The Pilcomayo River, after which the park is named, is the main watercourse of the area. During the wet season, the river and its tributaries flood the nearby areas, creating large swaths of interconnected lakes and marshes, most of which are temporary. The southern end of the park contains a larger lake called Laguna Blanca, which is a habitat for many waterfowl species and a resting point for migratory bird species coming from the Northern Hemisphere.

==Climate==
The park is located in a subtropical zone with annual mean temperature of 23 C and annual mean precipitation of 1200 mm. Summer temperatures can exceed 40 C, but during winters, frost is not uncommon. Winters are dry, while precipitation peaks in March and November. The area is affected by frequent tornadoes.

==Flora==
For the purposes of classifying the park's types of plants, the area can be divided into 4 distinct zones. One is savanna, which is dominated by the Caranday wax palm, an unofficial emblem of the area, towering over a dense cover of herbaceous plants (especially from the genus Scirpus). Other trees include such species as Acacia caven and Prosopis nigra.

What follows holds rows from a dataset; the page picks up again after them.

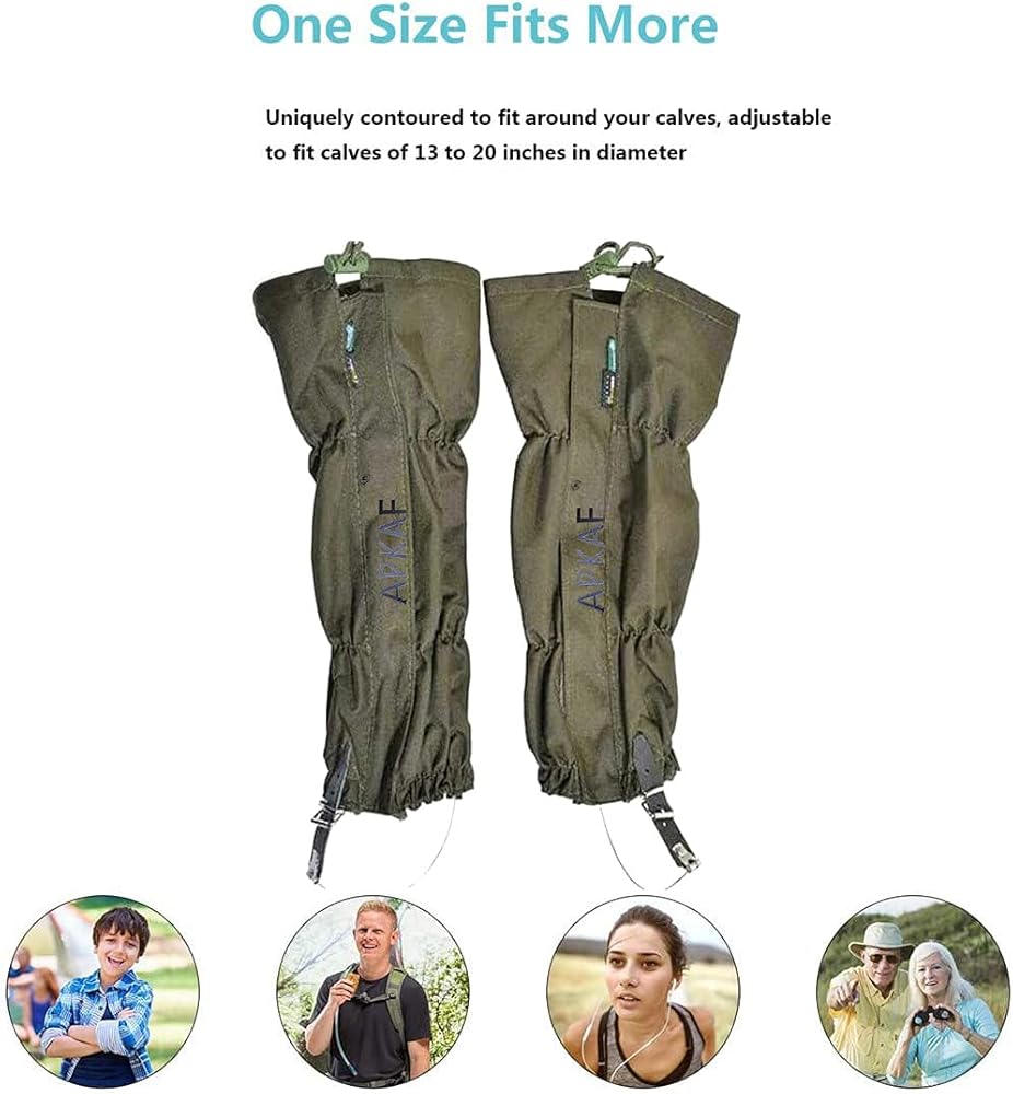 One Size For Men & Women : Apkaf snake gaiters are designed to fit calf sizes from 13 to 20 inches. To get the right fit, measure your calves with pants on because we recommend wearing the gaiters on top of your pants. The tightening straps and buckles make it easy to form the gaiters to your legs — it doesn't matter if you're a man or woman.
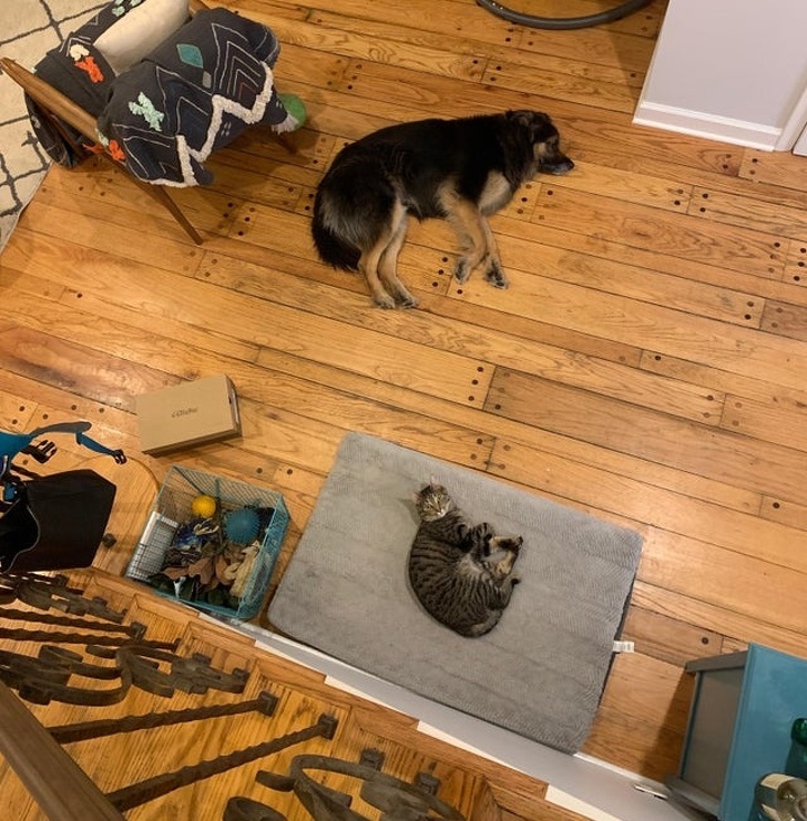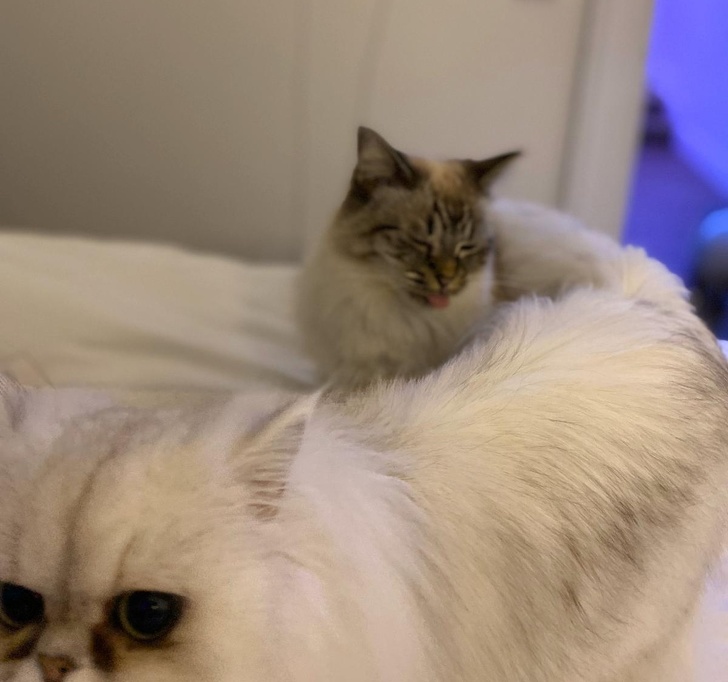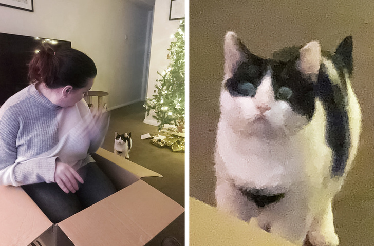 «У вітальні стояла велика коробка, і я сказала сестрі залізти в неї. Реакція кішки безцінна».
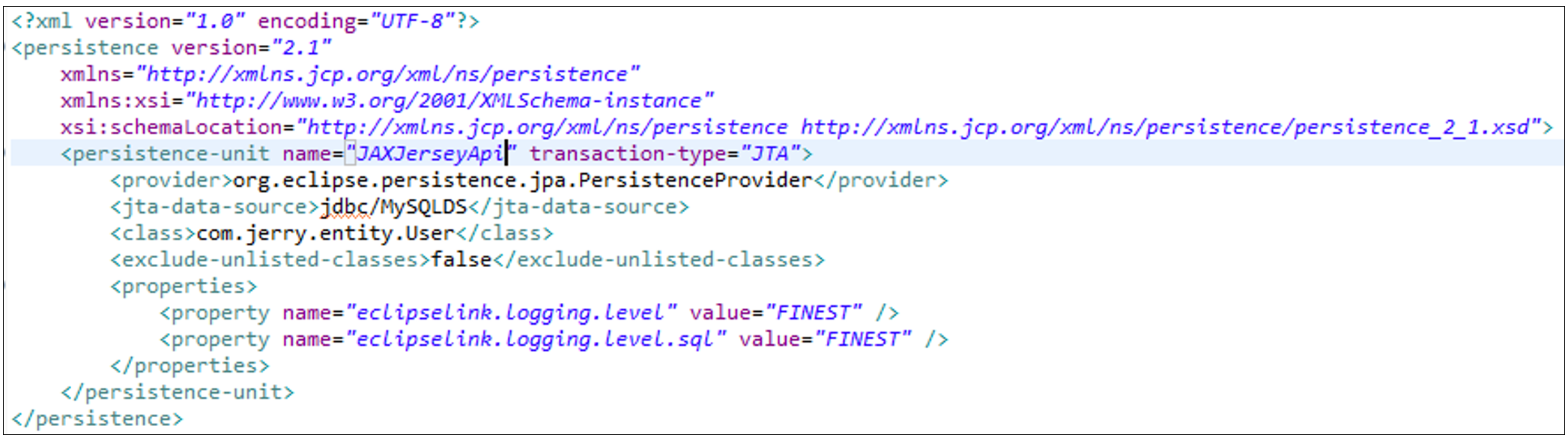 <jta-data-source> Our Datasource name, previously configured in Glassfish Containe
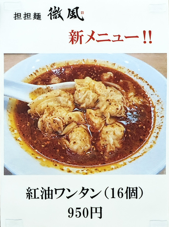 前回、間抜けなことに、新メニューの”ワンタンスープ”を”ワンタンメン”と思い込んで注文してしまいました。
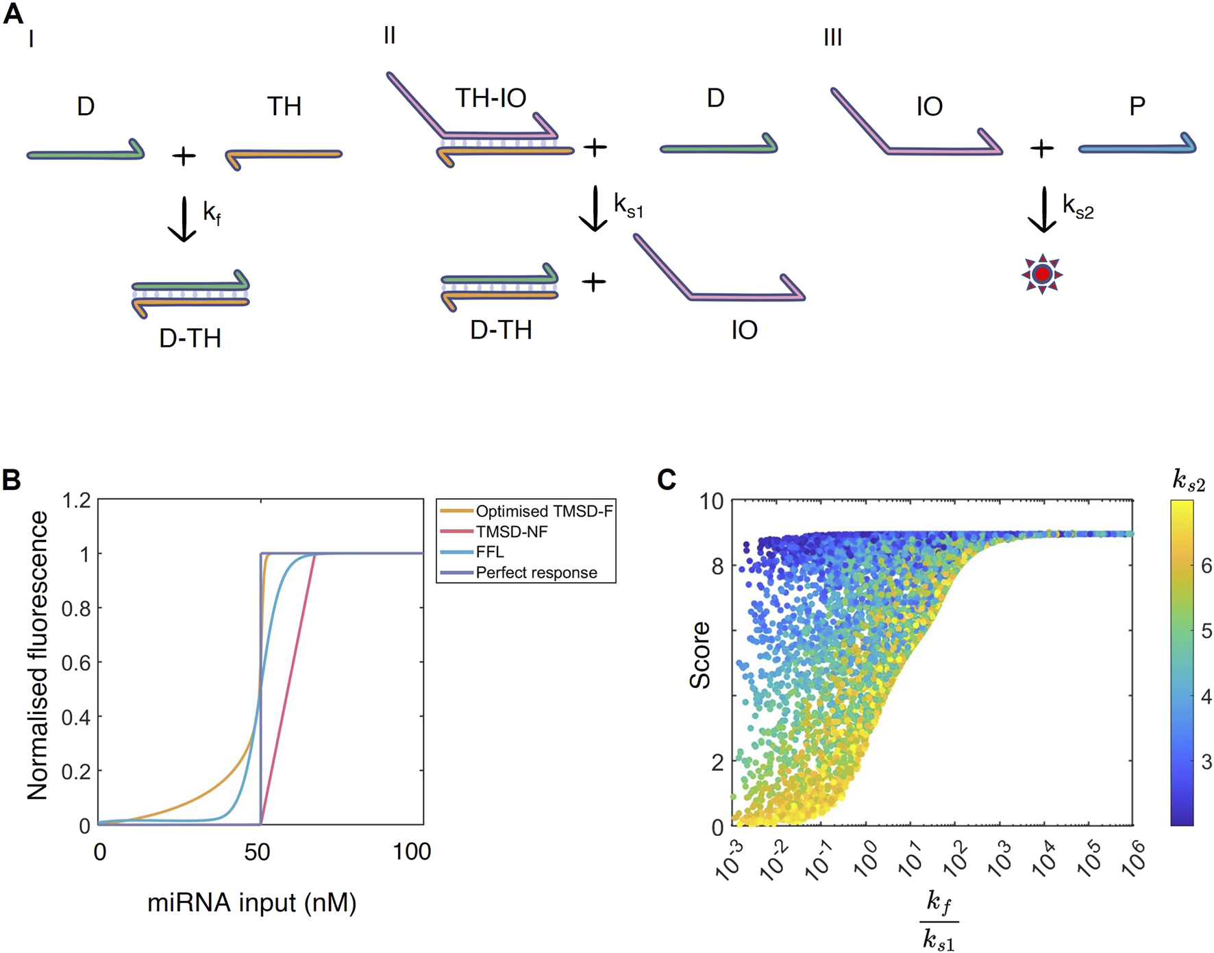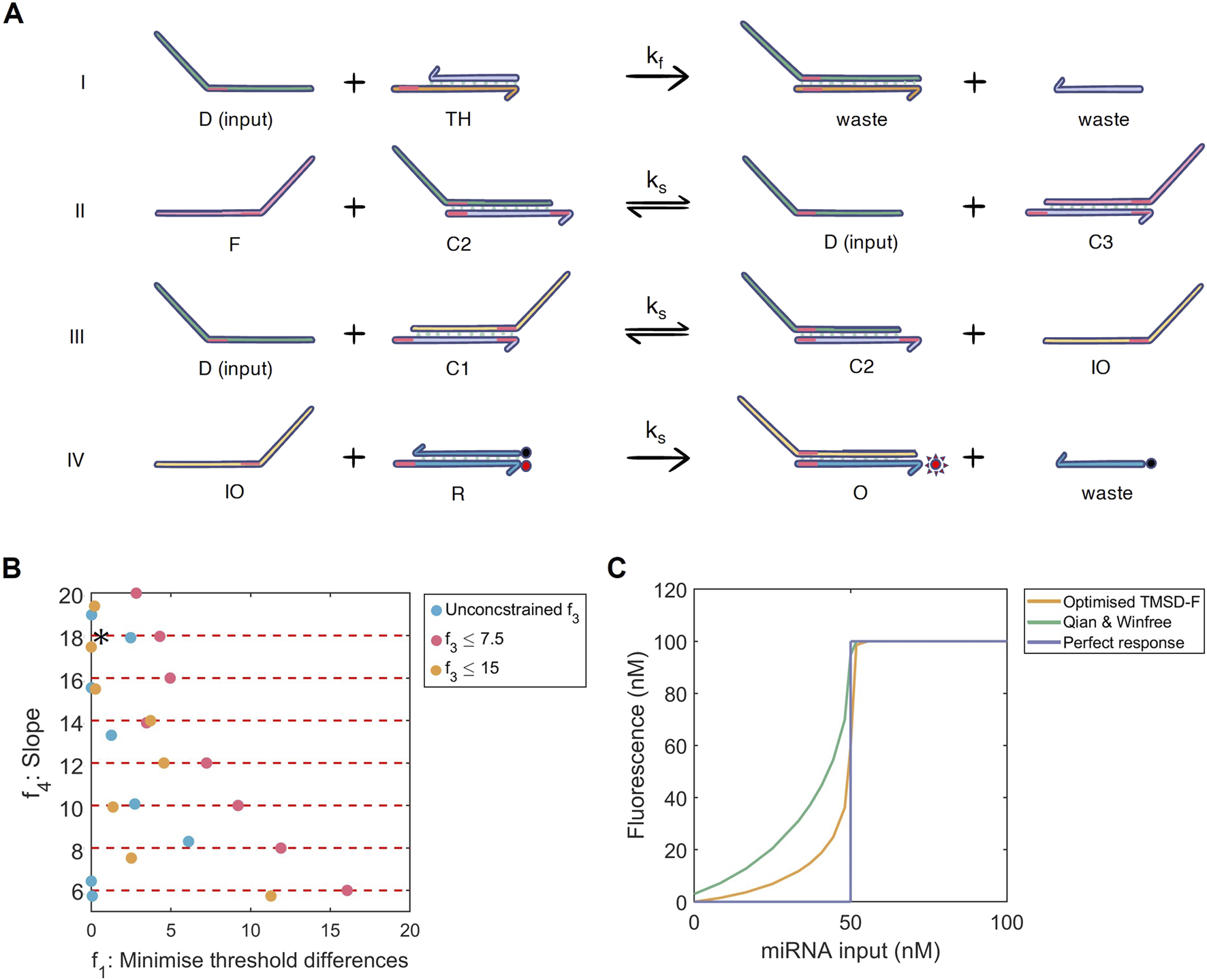 The TMSD system solely relies on nucleotide binding, providing an advantage over the energy-demanding transcription and translation necessary for the functioning of an FFL. The TMSD-F system contains a fuel strand, which catalytically speeds up and increases the production of fluorescent output (Figure 3A II). The same objectives as for the three-node networks, except for , were applied to optimise the reaction rates and improve the dose-response curve produced with the TMSD-F system from (Qian and Winfree, 2011).

Wetlands are dominated by aquatic vegetation. Floating plants include water hyacinths, Limnocharitaceae, Nymphoides and Ludwigia.

Another distinct zone is adjacent to the Pilcomayo River and its former channels, which are frequently flooded. It is dominated by riparian vegetation. Figs and sweetwood trees can be found there, covered by many species of lianas, vines and epiphytes.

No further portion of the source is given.